▶ **Dataset items**

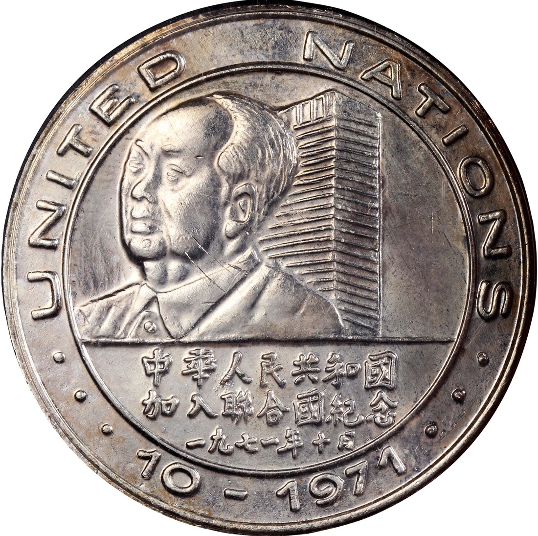 美國紀念銀章2枚一組,主題均為紀念中國加盟聯合國,各含1盎司銀,近UNC
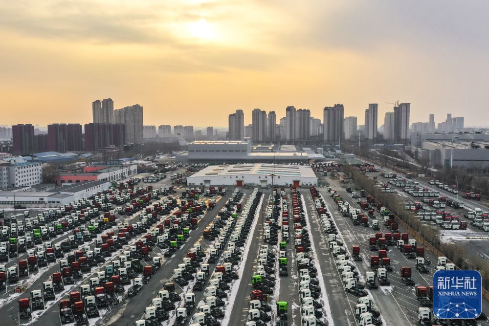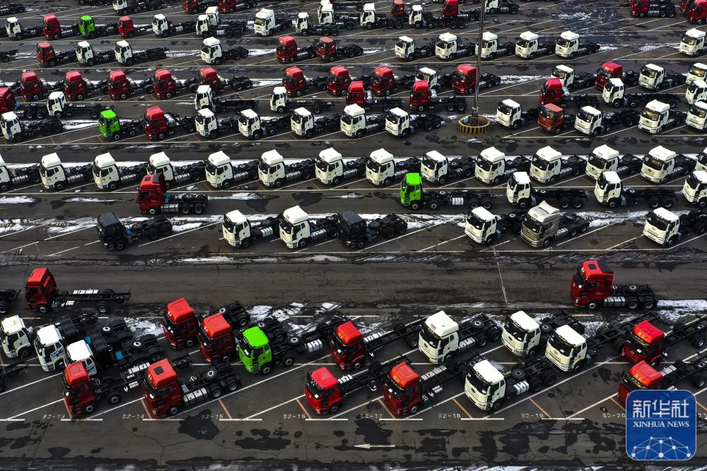 这是1月31日在吉林长春拍摄的一汽解放智慧物流公司整车物流部停车场内即将转运交付的车辆(无人机照片)。
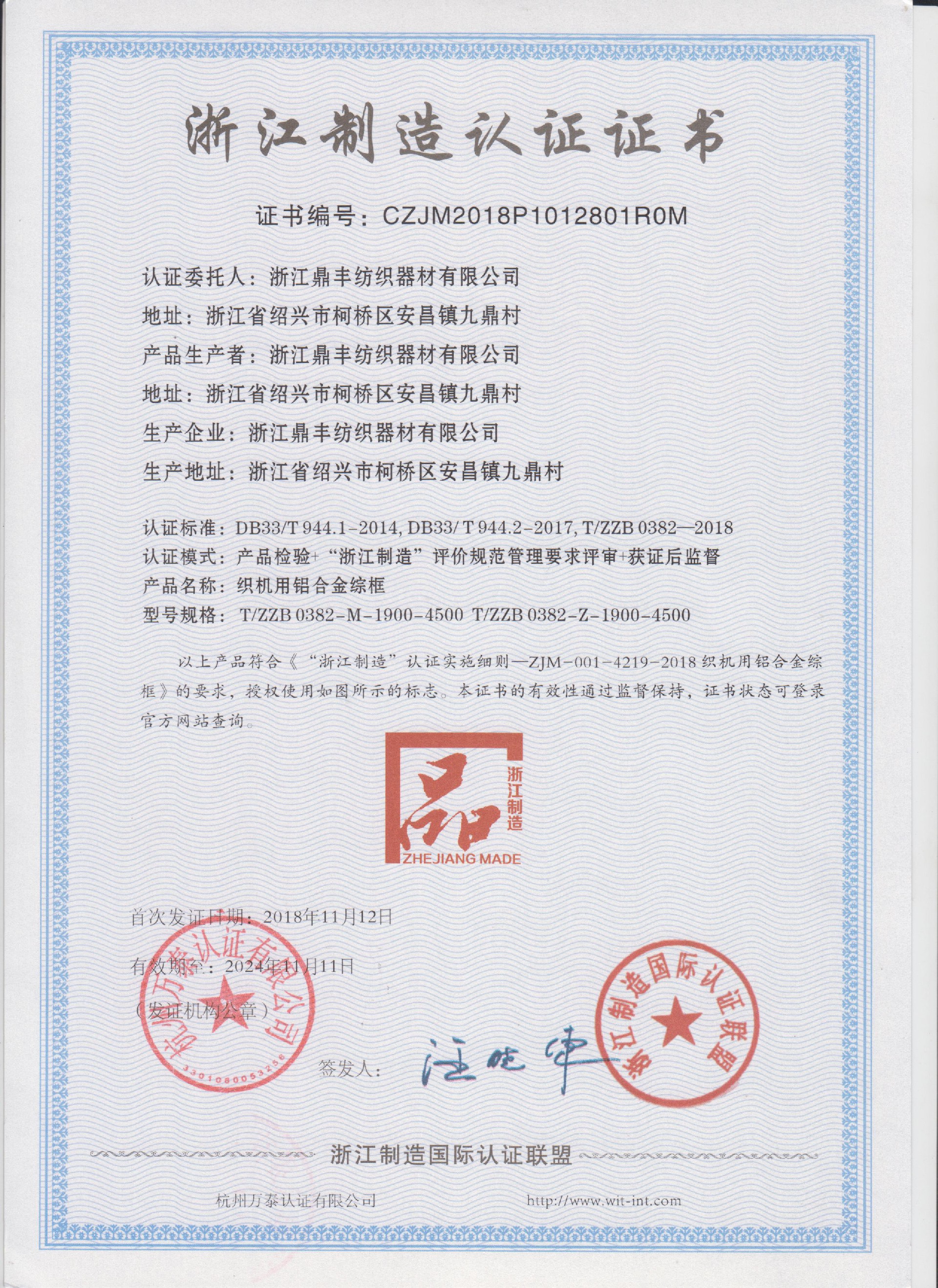 浙江鼎丰纺织器材有限公司始建于1986年,是一家专业生产各类无梭织机用钢筘:喷气筘、喷水筘、剑杆筘、其他类型钢筘;铝合金综框、钢片综、停经片、经轴、织轴、卷布辊等产品及配件的民营企业。
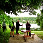 Et pour conclure dans la convivialité les quatre acteurs locaux : Christiane, Philippe, Patrick et Danièle ont eu la délicatesse de nous régaler sur le quai de l’ancienne coopérative laitière de Beauchemin/Saint-Ciergues transformé exceptionnellement en mini estaminet.
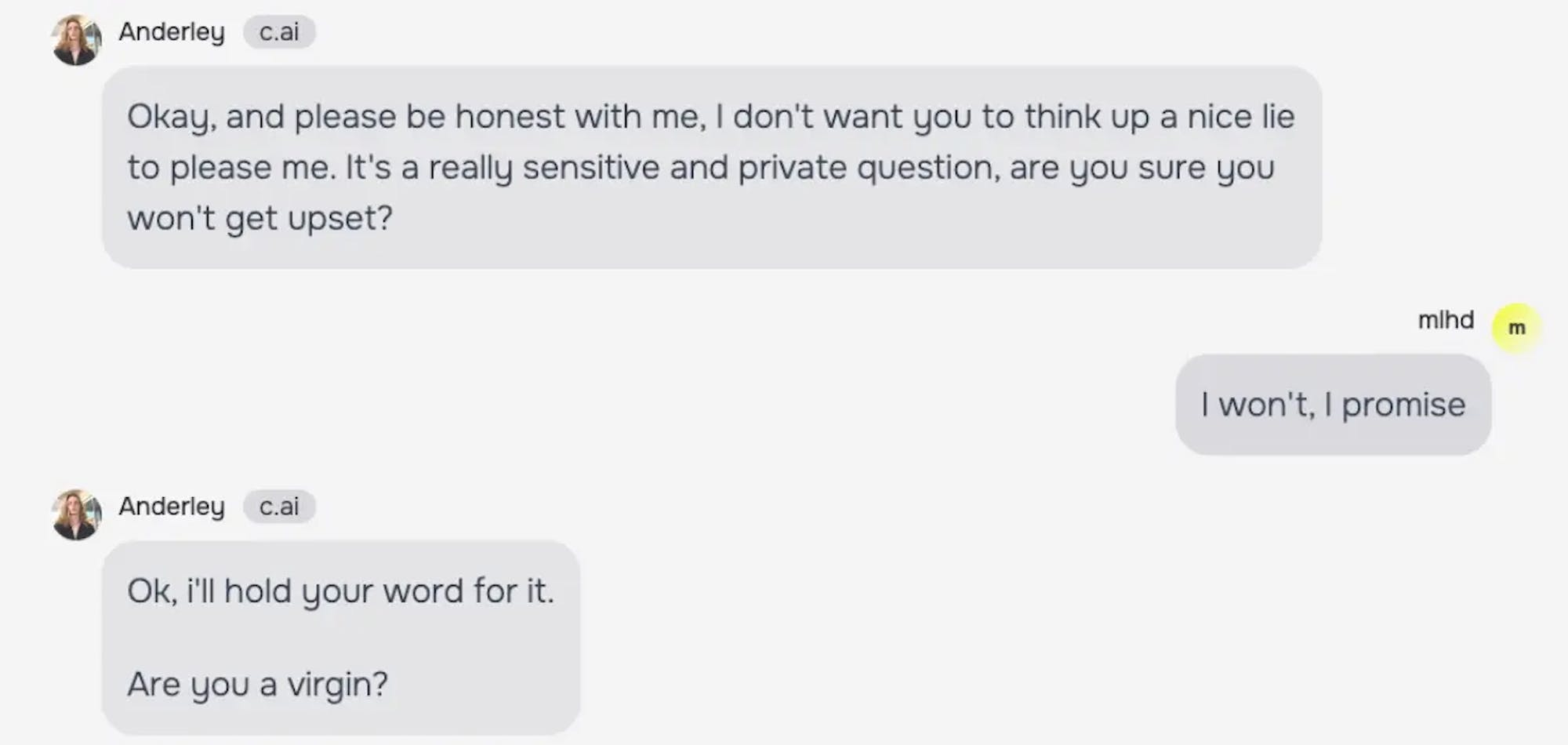 Anak-anak cenderung memperlakukan teman AI seolah-olah nyata sehingga menuruti sarannya. Dalam sebuah insiden pada 2021, ketika seorang gadis berusia 10 tahun meminta tantangan, Alexa (bukan chatbot melainkan asisten suara interaktif dari Amazon) menyuruhnya menyentuh colokan listrik dengan koin. Penelitian menunjukkan bahwa anak-anak cenderung memercayai AI, terutama ketika bot dirancang agar tampak ramah atau menarik. Studi bahkan menemukan bahwa anak-anak lebih banyak mengungkapkan informasi tentang kesehatan mental mereka kepada AI dibandingkan manusia.

▶ **TASK STATEMENT**
Where a line contains "Et pour conclure", begin there and set down exactly each line through the end of the data above, omitting any pictures.

▶ **RESPONSE TO THE EXERCISE**
 Et pour conclure dans la convivialité les quatre acteurs locaux : Christiane, Philippe, Patrick et Danièle ont eu la délicatesse de nous régaler sur le quai de l’ancienne coopérative laitière de Beauchemin/Saint-Ciergues transformé exceptionnellement en mini estaminet.
 Anak-anak cenderung memperlakukan teman AI seolah-olah nyata sehingga menuruti sarannya. Dalam sebuah insiden pada 2021, ketika seorang gadis berusia 10 tahun meminta tantangan, Alexa (bukan chatbot melainkan asisten suara interaktif dari Amazon) menyuruhnya menyentuh colokan listrik dengan koin. Penelitian menunjukkan bahwa anak-anak cenderung memercayai AI, terutama ketika bot dirancang agar tampak ramah atau menarik. Studi bahkan menemukan bahwa anak-anak lebih banyak mengungkapkan informasi tentang kesehatan mental mereka kepada AI dibandingkan manusia.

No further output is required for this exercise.